Real estate investment trust managers' total worldwide assets were up 9.4% to $394.6 billion, while REIT securities managed for U.S. institutional tax exempt clients increased 19.8% to $113.9 billion in the 12 months ended June 30.
This year's survey for the first time asked about assets managed for defined contribution plans. Managers of REITs ran $15.1 billion for defined contribution plans, accounting for 13.2% of REIT managers' total assets managed for U.S. tax-exempt clients.
Six of the top 10 REIT managers run REIT assets in defined contribution plans — BlackRock Inc., Vanguard Group Inc., Invesco Real Estate, Morgan Stanley Real Estate Securities, State Street Global Advisors and EII Capital Management Inc.

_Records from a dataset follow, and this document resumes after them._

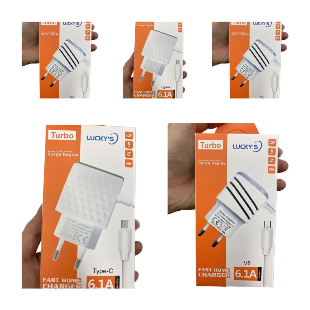 Kit 5 Carregador De Tomada Type C Ou V8 Com 2 Saídas USB 6.1A Cabo 1.2 Metros Rápido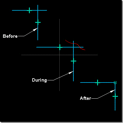3. Drag the cursor across the curve(s). A drag path displays.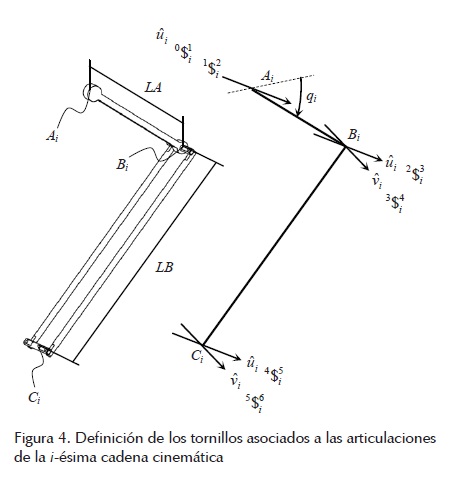 Matriz jacobiana: con el propósito de evitar una matriz jacobiana con rango deficiente, pares cinemáticos virtuales se añaden al mecanismo. Tomando en cuenta esto, los tornillos asociados con cada una de las articulaciones de la i-ésima cadena cinemática (figura 4) son:

Five managers run a total of $14.3 billion in U.S. tax-exempt real estate assets for defined contribution plans, of which $2.5 billion is in real estate equity. Those managers are Prudential Financial, J.P. Morgan Asset Management, Principal Real Estate Investors, Timberland Investment Resources and UBS Global Real Estate.
During the year ended June 30, the NCREIF Property index return was 11.2%. The total return of the FTSE NAREIT All REITs index, which includes both equity and mortgage REITs, was up 13.02%, while the total return of the FTSE NAREIT All Equity REITs index, which excludes mortgages, was up 13.71%, according to data provided by the Washington-based National Association of Real Estate Investment Trusts.

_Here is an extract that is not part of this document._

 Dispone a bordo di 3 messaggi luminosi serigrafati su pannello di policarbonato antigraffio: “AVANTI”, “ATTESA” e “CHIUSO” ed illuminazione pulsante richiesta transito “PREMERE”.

Not included in the rankings again this year is Blackstone Group LP, New York, which tracks its data in a different way. Blackstone Group executives nevertheless did provide some data. As of June 30, Blackstone Real Estate's worldwide AUM— defined as equity value net of leverage and unused capital commitments — totaled $80.4 billion, of which firm executives estimate one-third is managed for U.S. tax-exempt investors.
(Blackstone's tax-exempt estimate was calculated by multiplying the total real estate assets under management by a ratio of total capital raised in the U.S. from tax-exempt investors for active funds, divided by total real estate capital raised.)